* [Data records]
*** Begin section ***

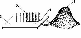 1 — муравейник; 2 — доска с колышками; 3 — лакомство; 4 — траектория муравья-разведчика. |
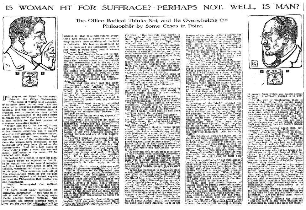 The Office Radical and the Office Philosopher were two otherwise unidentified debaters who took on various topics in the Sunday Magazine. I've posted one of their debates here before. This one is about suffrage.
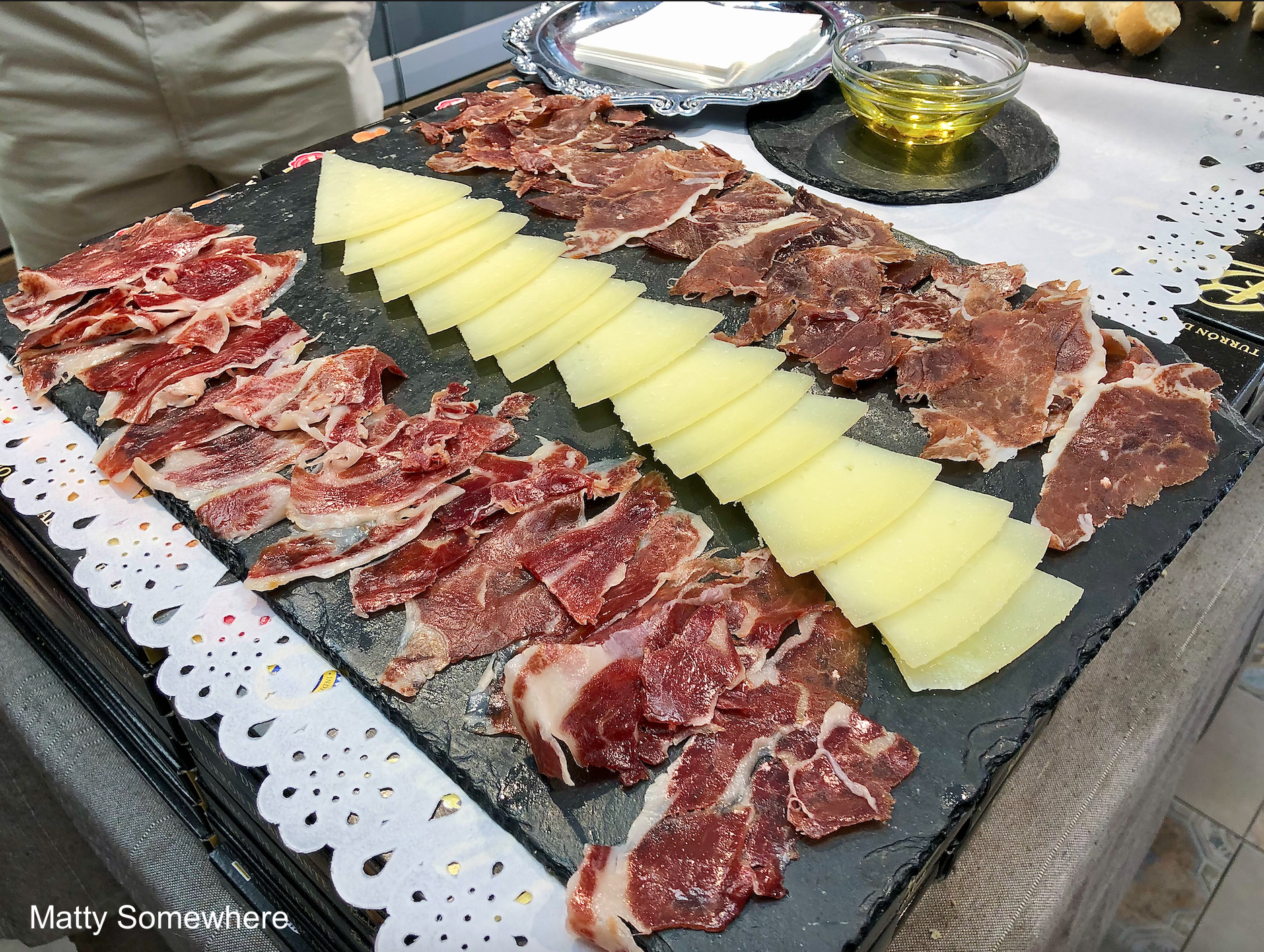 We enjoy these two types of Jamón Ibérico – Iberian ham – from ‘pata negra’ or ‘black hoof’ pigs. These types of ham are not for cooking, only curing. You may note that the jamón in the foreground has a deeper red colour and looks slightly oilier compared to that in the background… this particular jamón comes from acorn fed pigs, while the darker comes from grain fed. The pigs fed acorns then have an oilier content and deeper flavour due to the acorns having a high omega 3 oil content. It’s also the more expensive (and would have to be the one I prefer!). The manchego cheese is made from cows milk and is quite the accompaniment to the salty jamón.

*** End section ***
*** Begin section ***

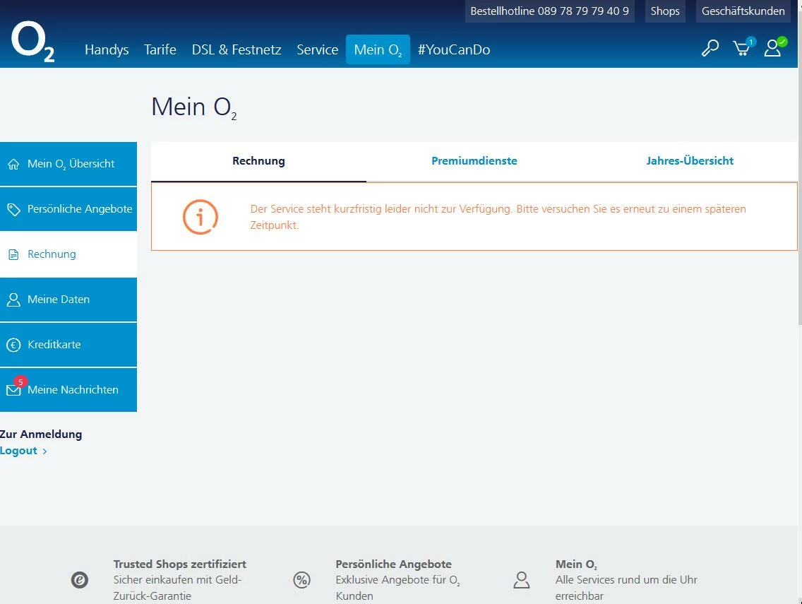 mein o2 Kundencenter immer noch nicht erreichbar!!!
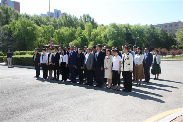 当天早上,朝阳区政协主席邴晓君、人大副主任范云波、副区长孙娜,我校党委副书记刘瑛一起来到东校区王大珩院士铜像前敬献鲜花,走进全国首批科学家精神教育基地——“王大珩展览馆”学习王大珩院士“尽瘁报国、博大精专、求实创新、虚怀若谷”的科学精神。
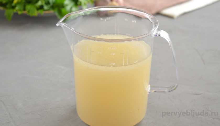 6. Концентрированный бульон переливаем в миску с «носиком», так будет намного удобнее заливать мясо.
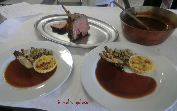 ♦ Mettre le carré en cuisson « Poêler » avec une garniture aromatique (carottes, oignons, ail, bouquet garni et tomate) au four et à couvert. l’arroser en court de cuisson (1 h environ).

*** End section ***

* [What needs to be done] Your output should be the lines above from the one that contains "1 — муравейник;" through the one that contains "The Office Radical", word for word, with pictures left out.

* [Solution for this problem]
 1 — муравейник; 2 — доска с колышками; 3 — лакомство; 4 — траектория муравья-разведчика. |
 The Office Radical and the Office Philosopher were two otherwise unidentified debaters who took on various topics in the Sunday Magazine. I've posted one of their debates here before. This one is about suffrage.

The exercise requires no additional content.